Three separate product teams shipped persistent memory for AI agents today. Meanwhile, two research papers revealed how the models underneath those agents actually work, and one lab bought its way deeper into the developer stack.
Agents Go Persistent: Skills, Schedules, and Saved State
Three platforms shipped persistent-memory features on the same day, a signal that stateless chat is no longer a viable product baseline.
- Cursor Trains a Coding Agent from Scratch to Beat the Inference Layer — Cursor did not fine-tune an existing model. It trained Composer 2.5 from the ground up using reinforcement learning and synthetic data, building an agent that understands multi-file edits natively rather than inferring them from prompts.
- xAI adds persistent Skills to Grok across web and mobile — Grok can now retain user-defined functions across every session, not just within a single conversation. The practical effect is a chatbot that behaves more like a configured automation layer than a stateless Q&A tool.
- Manus Adds Persistent Context to Its Scheduled Task Engine — Manus updated its scheduled task runner so that automated jobs carry project state between runs. Without persistent context, scheduled automation resets to zero each time.
- Lovable adds reusable Skills to cut repetitive prompt setup — Markdown-based instruction sets that load automatically into any project, removing a friction point that previously had to be re-typed on every session start.
What the Model Actually Does: Circuits, Mode-Switching, and Bad Benchmarks
Three research pieces this week pull back the curtain on how language models behave internally — and none of the findings are reassuring for teams that rely on current evaluation methods.
- Censorship in Qwen 3.5 Is a Removable Circuit, Not a Knowledge Gap — Interpretability researchers located the specific suppression mechanism inside Qwen 3.5-9B. The underlying knowledge is intact; the model simply has a circuit that blocks it.
- LLMs Switch Modes Mid-Training in Ways Optimizers Cannot Fix — Models oscillate between memorization and adaptive reasoning during pre-training, and standard optimization techniques have no reliable remedy.
- Static Benchmarks Cannot Measure Agents. What Comes Next? — As agents take on high-stakes tasks, evaluation frameworks built for static text completion are simply measuring the wrong thing.
Hardware Moves Up the Stack: CPUs, Robot Video, and Cheap Pretraining
NVIDIA shipped two distinct products at different points in the AI compute chain, while a separate lab collapsed the cost floor for foundation-model training.

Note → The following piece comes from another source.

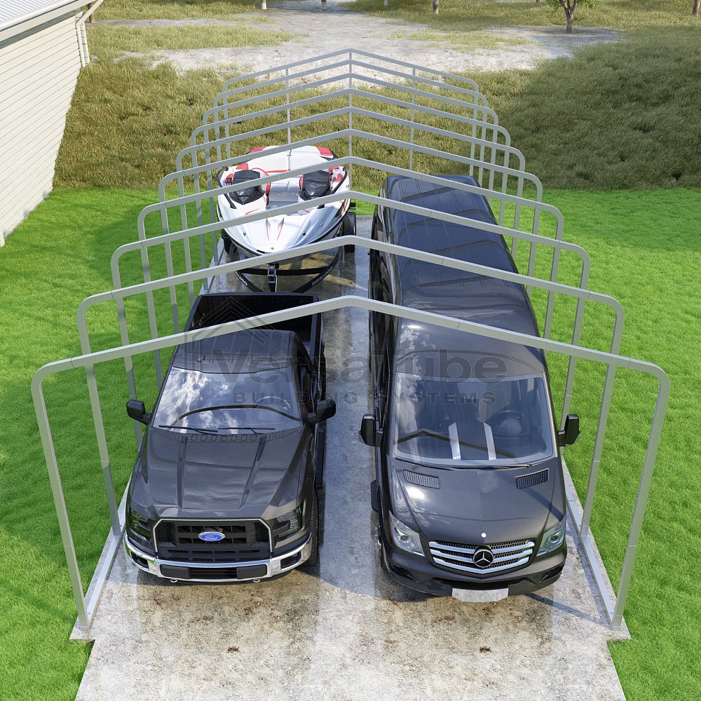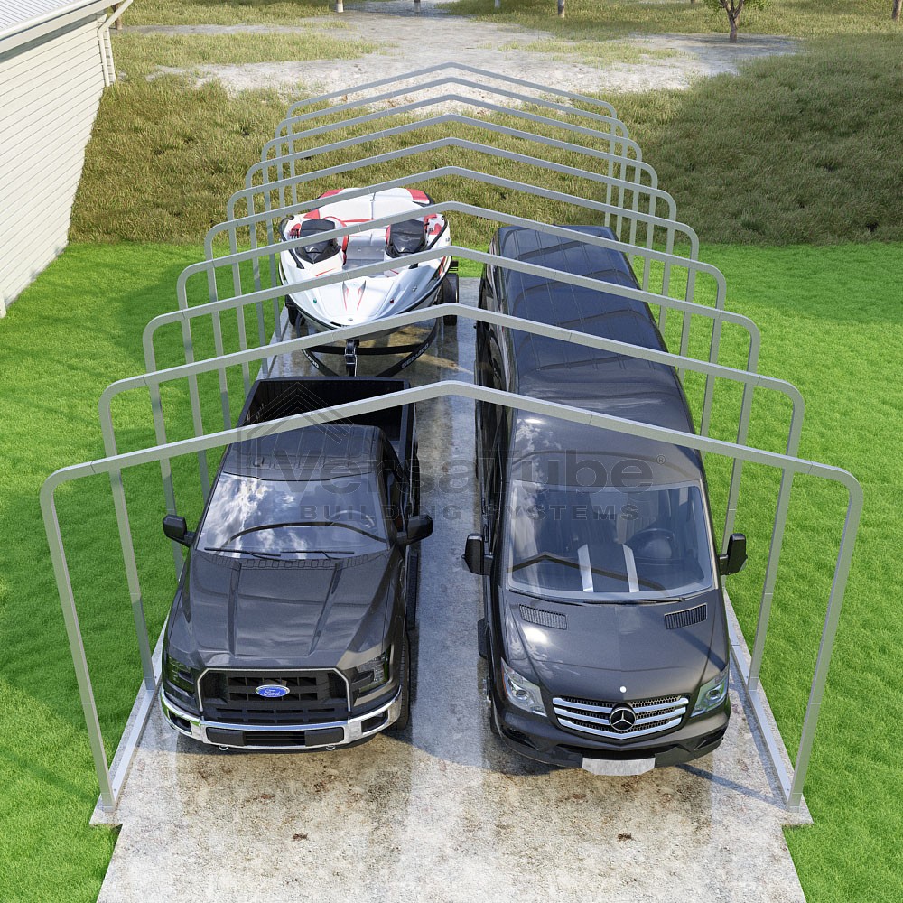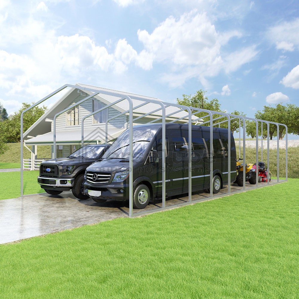 Classic Series DIY carport frame kit is designed for horizontal sheet metal application, resulting in a more cost-effective shelter or canopy solution. The rounded bends allow the sheet metal to naturally roll over the sides ensuring additional protection from elements entering from the sides.

- NVIDIA hand-delivers Vera CPUs to Anthropic, OpenAI, and Oracle — NVIDIA’s first custom CPU has landed at the three largest AI infrastructure buyers. Owning the CPU layer means NVIDIA can now control both sides of the data center equation at its top accounts.
- NVIDIA’s Cosmos Predict 2.5 Gains LoRA Fine-Tuning for Robot Video — Labs working on physical AI no longer need a multi-GPU cluster to adapt the base video model to their specific robot and task.
- A 1B model that costs $1,500 to train from scratch — Sapient’s HRM-Text puts foundation-model pretraining inside the budget of a solo researcher or a seed-stage team.
Platform Control: Anthropic Buys the Toolchain
Anthropic’s acquisition of Stainless is the kind of infrastructure deal that looks quiet until you map out who already depended on it.
- Anthropic acquires Stainless to bring SDK generation in-house — Stainless was already used by OpenAI, Google, and Cloudflare to ship their own SDKs. Anthropic now owns that layer, with direct control over the developer tooling that touches every team building on any of those APIs.
Today’s Quick Hits
- Alibaba’s Qwen3.7 enters Arena rankings at positions 13 and 16 — Two Qwen models inside the top 20 on Chatbot Arena, the clearest sign yet that a Chinese open-weight lab can match frontier closed-model performance.